Finding a location for episode 5 has been a source of tremendous discouragement for me. I have discovered some good news, however – Riverside Film Studios offers their studio for use (at a price of $850/day). I came across another website that was displaying establishments that had agreed to allow their venues as filming locations. I initially believed these to be free for public use, but after speaking with 1 agent it looks like it would cost me ~ 550 a day for use.
It’s funny, I have spent a solid year learning anything and everything I could find as it relates to film production, from pre- to post-. I have no issue learning a new program, studying new equipment, or reaching out through social media to market the videos. But for some reason finding an adequate location has depressed me.
I know why – it’s a certain feeling of helplessness. It greets you as soon as you set outside in search of a new path. It pesters you when you’re sleeping and eats at you when you’re not.
A huge concern of mine is obviously the price. Not to sound frustrated, but what kind of a fucking idiot would I be to pay that amount for a production as low budget as mine? One of the reasons it has affected me to this extent is because during my conversations I have received discounted offers – and they are nowhere near what I am willing to pay.

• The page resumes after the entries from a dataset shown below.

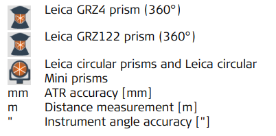 ATR angle accuracy Hz, V (std. dev. ISO 17123-3): 1 " (0.3 mgon)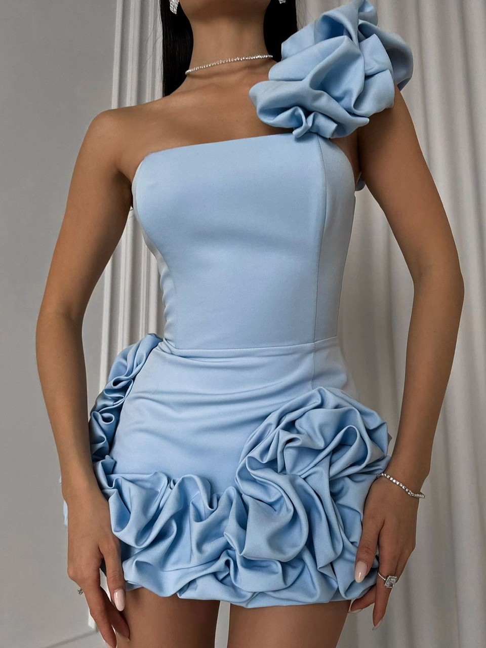 Корсетна сукня "Bloom" виготовляється за індивідуальними мірками, що забезпечує бездоганну посадку, поєднуючи комфорт та елегантність. Ніжний блакитний відтінок додає образу свіжості та спокою, роблячи цю сукню ідеальним вибором для тих, хто прагне сучасного і вишуканого образу.
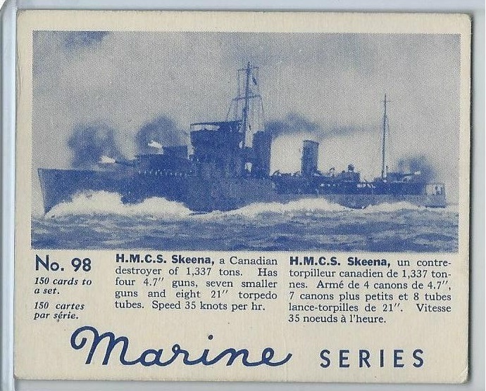 (SK024) From undated newspaper - Account of the action that took place during Operation Dredger // From the collection of AB Dave Christison, RCNVR // Courtesy of Thomas Christison (SK025) Article on HMCS SKEENA'S participation in action in the English Channel // From the collection of Robert James Hackwood // Courtesy of Joanne Hackwood (SK026) World Wide Gum, Marine Series, 1944 - #98 HMCS SKEENA (SK027) HMCS SKEENA I59 // From the collection of Ron Critchley // Courtesy of Diane Brown (SK028) HMCS SKEENA, Acapulco, 12 Mar 1938 // Courtesy of the Naval Museum of Halifax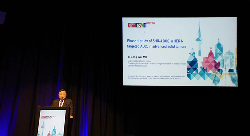 10月23日,AG旗舰厅医药创新药、HER3靶向ADC药物SHR-A2009治疗晚期实体瘤的I期研究亮相2023 ESMO大会简短口头报告现场5。该研究由广东省人民医院的吴一龙教授牵头开展,吴一龙教授在现场公布该研究的重要进展。研究结果显示,SHR-A2009在经治晚期实体瘤患者中显示出可控的安全性和令人鼓舞的抗肿瘤活性。目前评估更高剂量的SHR-A2009在选定癌症类型(NSCLC和其他实体肿瘤)中作用的试验正在进行中。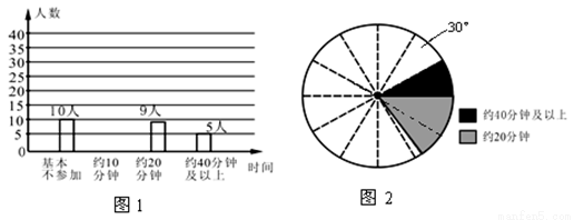(2)他们采用了最为合理的调查方法收集数据,并绘制出如图1所示的条形统计图和如图2所示的扇形统计图,请根据图1和图2所提供的信息,将图1中的条形统计图补充完整;(注:图2中相邻两虚线形成的圆心角为30°)
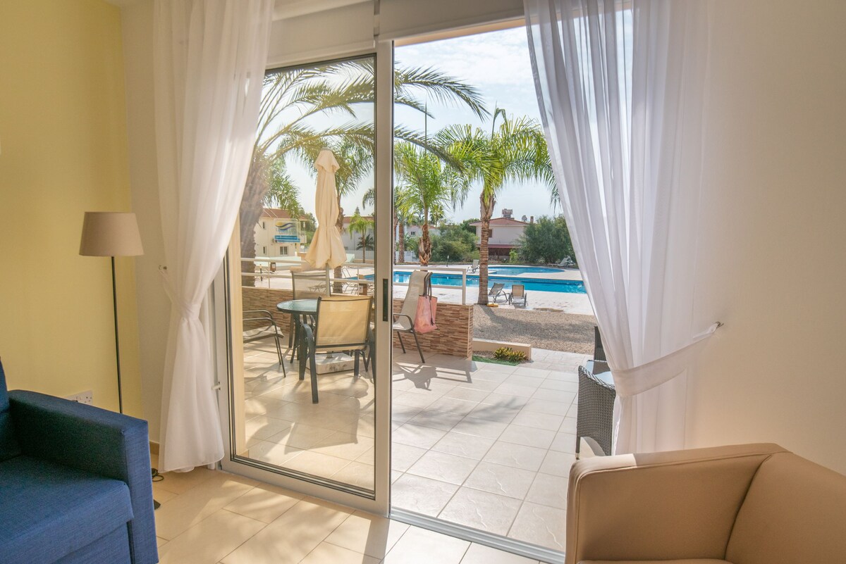 NARCISSOS ‘NISSI BEACH’ Apartment C3 is a well-kept ground floor one-bedroom apartment located on the exclusive Nissi 3 development just 400m from Nissi Beach and within walking distance to the major wedding hotels on Nissi Avenue, nearest the Nissi Beach Resort. Location is within walking distance to all possible amenities and facilities as well as to main touristic Ayia Napa.

On the upside of all-things-perspective, I have not been reaching out and contacting other potential venues/agents/services as much as I can. Part of the reason is that they are used to dealing with legitimate, established production companies. I absolutely detest having to explain how inferior and new my company is. Another great area of frustration for me has been discussion of future plans – or “making it in the industry.”
This area of frustration does not make logical sense, and I’m aware of that. But for some reason it drives me to befuddled introspection when I spend any time considering my lack of interest in pursuing a Hollywood career in any sensible way. It’s as if I’m obsessively improving in a field for a job I have no intention of applying for. It’s kind of a sign of insanity… I just would like to tell good stories, and that’s the source for everything that I do.
But I’m awake early today and determined to take action. I believe when you set out to do everything in your power in order to accomplish a goal an unseen pathway reveals itself. I also believe that if you keep trudging along blindly the rays of dawn will gradually appear.
Not that it’s of any real relevance here, or to this post, but I have spent the better part of the past month working with pro tools by remastering episode 1. I finally have a working understanding of what it means to “mix audio” for a film. I successfully exported the stems yesterday and enjoyed watching the film with sounds, music and words that were was cared for, EQ’d, cross-faded, and leveled (though not perfect). I still have to figure out how to export each track as mono (rather than stereo) because I believe this is required in order to export for surround sound from premiere pro. Maybe I’ll do a post about everything I learned tomorrow.
Anyways, just wanted to type up an update here. Enjoy your day and the journey that awaits you.